[Provided material — start]

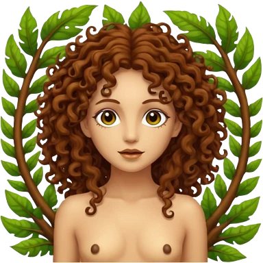 Psychedelic naked goddess of the forest with brown eyes , brown curly hair, whole figure emoji
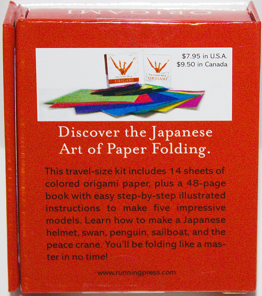 Folding paper—what a fascinating art! But forget about clunky origami books with complicated instructions. This little kit is packed full of travel-size origami basics, including fourteen colorful sheets of paper and simple instructions on how to create five beautiful origami designs—the Japanese helmet, swan, penguin, sailboat, and the classic crane. From kids who are fans of folding paper airplanes to adults who wish they can turn their piles of paperwork into entertainment, The Classic Art of Origami Kit awaits! This is a new, sealed copy that we purchased direct from the publisher and it has been stored in a smoke and pet free environment.
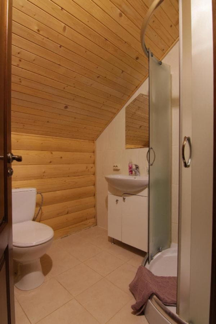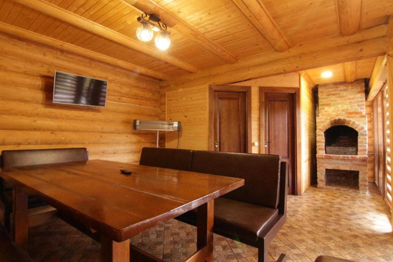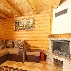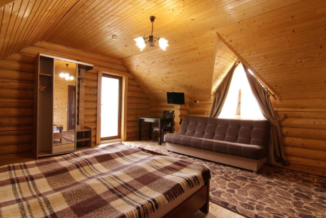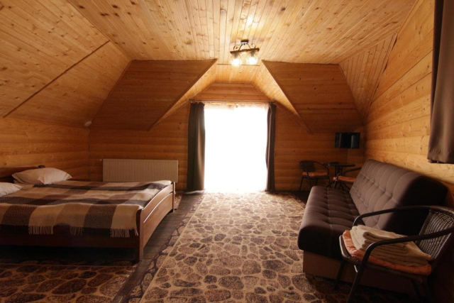 Перший поверх: простора кухня-вітальня з каміном, телевізором, обіднім столом, розкладним диваном; три стандартні номери з двоспальним або двома односпальними ліжками, шафою, телевізором та окремим санвузлом.
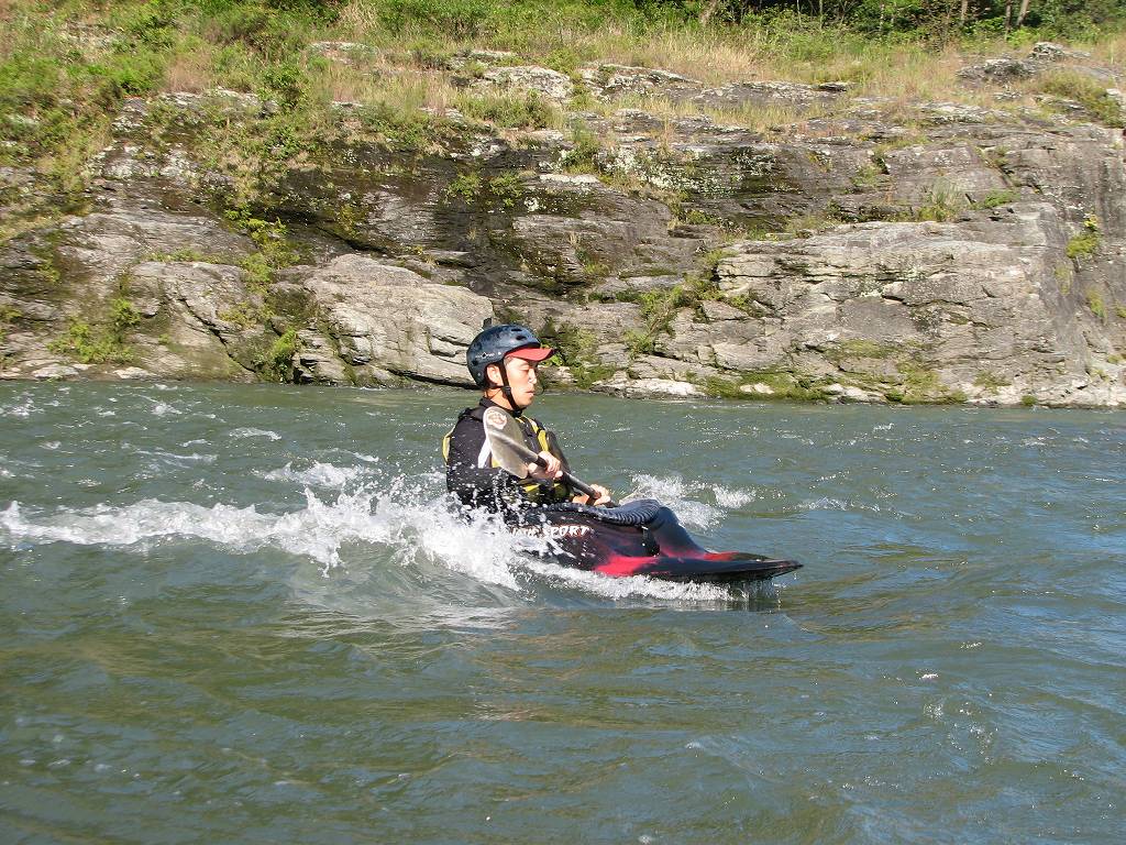ICF(国際カヌー連盟)のレギレーションによって定められたサイズにもとずいてデザインされるので、パッと見、みんな同じような形になってます。 まぁフォーミュラカーみたいなもんなので仕方ないんだけど・・・ このDonsaは手軽にスラロームをって事で今期よりデビューしたポリエチレンのスラロームカヤックです。 実はこの手のカヤックが出たのは10数年ぶりなんですねぇ。 数年前にICFのレギレーションが(全長4Mから3.5Mに)、変更されたこともこのカヤックが生まれた要因になってると思います。 このカヤックはICFレギレーションに合わせてデザインされたカヤックなので(世界初!)、レースに出れるんですが・・・まぁ誰もでないでしょうねぇ(笑 で、そののり味は!まぁポリなんで、当然純粋な競技艇からすれば笑っちゃうようなもんですけど、以前のスラローム風?カヤックからすれば驚くほど良くなってます。 最近のターンスタイルに合わせたデザインなので、内径リーンしか知らないレベルのパドラーが乗ると、曲がらないだろーなー(笑 しっかりスイープしてターン方向へ先行動作しつつドローを入れれば、ターンしつつグイグイ前に走ろうとします。フリースタイルカヤックでは味わえない感覚です!スターンのボリュームも程よく絞られているので、なれればピボットターンも可能です!メーカーは選手のトレーニングボートとして開発したみたいですけど、手軽にスラロームカヤックを楽しもうと思う方には是非乗って頂きたいカヤックですね! ちなみにお値段は¥103000(税別 リーズナブルだと思います! PR |

[Provided material — finish]

- [What is expected]
From the first line to the last, retype the data above exactly, but not its images.

- [Answer for the task]
 Psychedelic naked goddess of the forest with brown eyes , brown curly hair, whole figure emoji
 Folding paper—what a fascinating art! But forget about clunky origami books with complicated instructions. This little kit is packed full of travel-size origami basics, including fourteen colorful sheets of paper and simple instructions on how to create five beautiful origami designs—the Japanese helmet, swan, penguin, sailboat, and the classic crane. From kids who are fans of folding paper airplanes to adults who wish they can turn their piles of paperwork into entertainment, The Classic Art of Origami Kit awaits! This is a new, sealed copy that we purchased direct from the publisher and it has been stored in a smoke and pet free environment.
 Перший поверх: простора кухня-вітальня з каміном, телевізором, обіднім столом, розкладним диваном; три стандартні номери з двоспальним або двома односпальними ліжками, шафою, телевізором та окремим санвузлом.
ICF(国際カヌー連盟)のレギレーションによって定められたサイズにもとずいてデザインされるので、パッと見、みんな同じような形になってます。 まぁフォーミュラカーみたいなもんなので仕方ないんだけど・・・ このDonsaは手軽にスラロームをって事で今期よりデビューしたポリエチレンのスラロームカヤックです。 実はこの手のカヤックが出たのは10数年ぶりなんですねぇ。 数年前にICFのレギレーションが(全長4Mから3.5Mに)、変更されたこともこのカヤックが生まれた要因になってると思います。 このカヤックはICFレギレーションに合わせてデザインされたカヤックなので(世界初!)、レースに出れるんですが・・・まぁ誰もでないでしょうねぇ(笑 で、そののり味は!まぁポリなんで、当然純粋な競技艇からすれば笑っちゃうようなもんですけど、以前のスラローム風?カヤックからすれば驚くほど良くなってます。 最近のターンスタイルに合わせたデザインなので、内径リーンしか知らないレベルのパドラーが乗ると、曲がらないだろーなー(笑 しっかりスイープしてターン方向へ先行動作しつつドローを入れれば、ターンしつつグイグイ前に走ろうとします。フリースタイルカヤックでは味わえない感覚です!スターンのボリュームも程よく絞られているので、なれればピボットターンも可能です!メーカーは選手のトレーニングボートとして開発したみたいですけど、手軽にスラロームカヤックを楽しもうと思う方には是非乗って頂きたいカヤックですね! ちなみにお値段は¥103000(税別 リーズナブルだと思います! PR |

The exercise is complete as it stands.